Besonders großer Raum wurde dem Radverkehr eingeräumt. Unter anderem wird die Öffnung der Fußgängerzone für Radfahrer empfohlen. „Ich wäre dafür“, sagte Gemeinderat Wolfgang Pristou (ohne Fraktion). Zumindest versuchsweise, „mit Schritttempobegrenzung“. Für diese Bemerkung vergab ihm Vizebürgermeisterin Helga Krismer (Grüne) „ein Klimasternchen“.

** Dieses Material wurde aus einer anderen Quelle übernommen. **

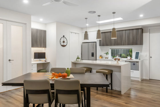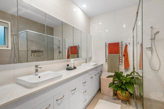 At the heart of the home, a light-filled kitchen with a large skylight and walk-in pantry flows seamlessly to the standout enclosed alfresco. Complete with full glass sliders, retractable flyscreens, sun-filter and block out blinds, plus its own reverse-cycle heating and cooling, this versatile space can be enjoyed year-round.
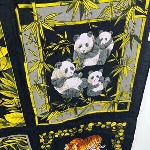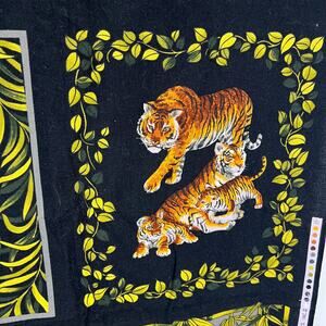 Vintage Hi Fashion Fabrics Wild Animal Fabric Remnant Tiger Panda Black Quilting
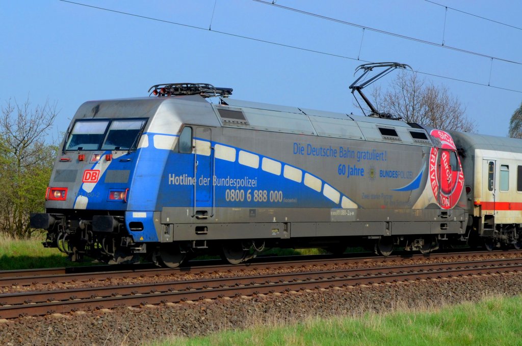 180 008 zog den Porschezug am 09.04.13 von Leipzig-Wahren durch Zschortau Richtung Wittenberg. Momentan wird dieser Zug wegen Bauarbeiten in Leipzig über Falkenberg nach Dresden geführt.
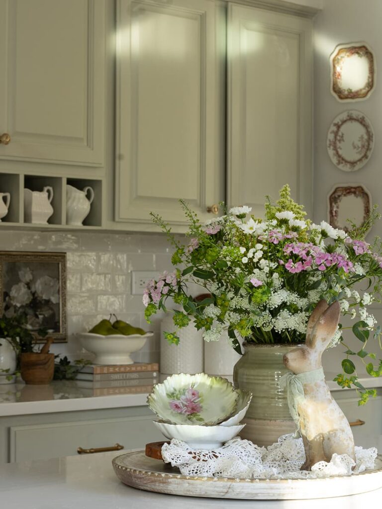 As you can see throughout this post, I keep vases of fresh flowers on the island whenever I can. I use vessels that are vintage and usually thrifted. Nothing is more warm and welcoming than nature.

„Wenn alle Radfahrer so wie Du fahren, wäre das kein Problem“

Dennoch sei der jetzige Weg in Baden der richtige, mit der Öffnung der Fußgängerzone für Radfahrer nur in der Lieferzeit, zwischen 19 und 10 Uhr. Leopold Habres, Sicherheitssprecher der ÖVP, meinte zu Pristou: „Wenn alle Radfahrer so wie Du fahren, wäre das kein Problem.“ Er wisse aber von Senioren, die sich immer wieder über zu schnell fahrende Radfahrer beschweren. Besser wäre, man schiebe sein Rad durch die Fuzo.

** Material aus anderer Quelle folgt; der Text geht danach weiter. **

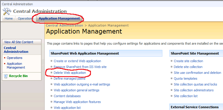 - Select the “Application management” tab, in the menu select “Delete Web Application”
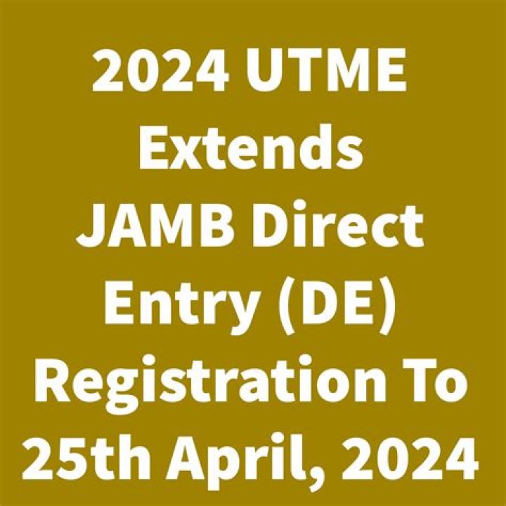 - The spokesperson for the Joint Admissions and Matriculation Board (JAMB), Fabian Benjamin, announced the extension of the 2024 Direct Entry (DE) registration
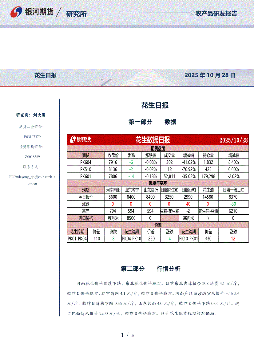 银河期货-花生10月报:河南花生大幅下跌,花生期货偏弱震荡-251029
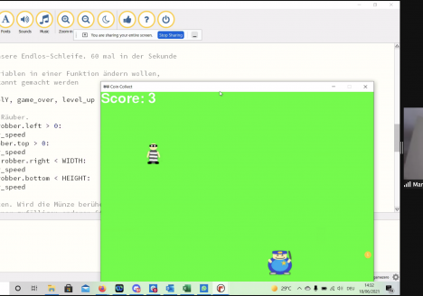 Gamedesign mit Python – Spiele programmieren mit Mu im Juli 2021

Citybusverkehr soll mit Elektrobussen abgewickelt werden

Aber auch dem ruhenden Verkehr und dem Parkraumproblem wurde im Konzept Platz gewidmet. Dieses Thema müsse nach Vorliegen der Machbarkeitsstudie über die Aufstockung des Parkhauses Römertherme noch diskutiert werden. Interessant ist, dass der eigentlich der Elektromobilität skeptisch gegenüberstehende Wolfgang Pristou die Empfehlung des KfV, den Citybusverkehr mit Elektrobussen abzuwickeln, begrüßt.

Denn die bisherigen Diesel-Autobusse seien oft leer und die Fahrer würden bei laufendem Motor warten. Pristou: „Die Stadt wäre der ideale Einsatzort für E-Fahrzeuge, im Besonderen in Verbindung mit der Badener Bahn, wo die Busse in Fahrpausen über den Fahrdraht der Lokalbahn aufgeladen werden könnten.“ Der einzige Nachteil von E-Bussen sei der höhere Anschaffungspreis.

Stadt wäre der ideale Einsatzort für E-Fahrzeuge

Die Generalüberarbeitung des Verkehrskonzeptes wurde bis auf die drei Enthaltungen durch die Bürgerliste „Wir Badener“ (Christine Witty, Nobert Anton, Jowi Trenner) mehrheitlich angenommen.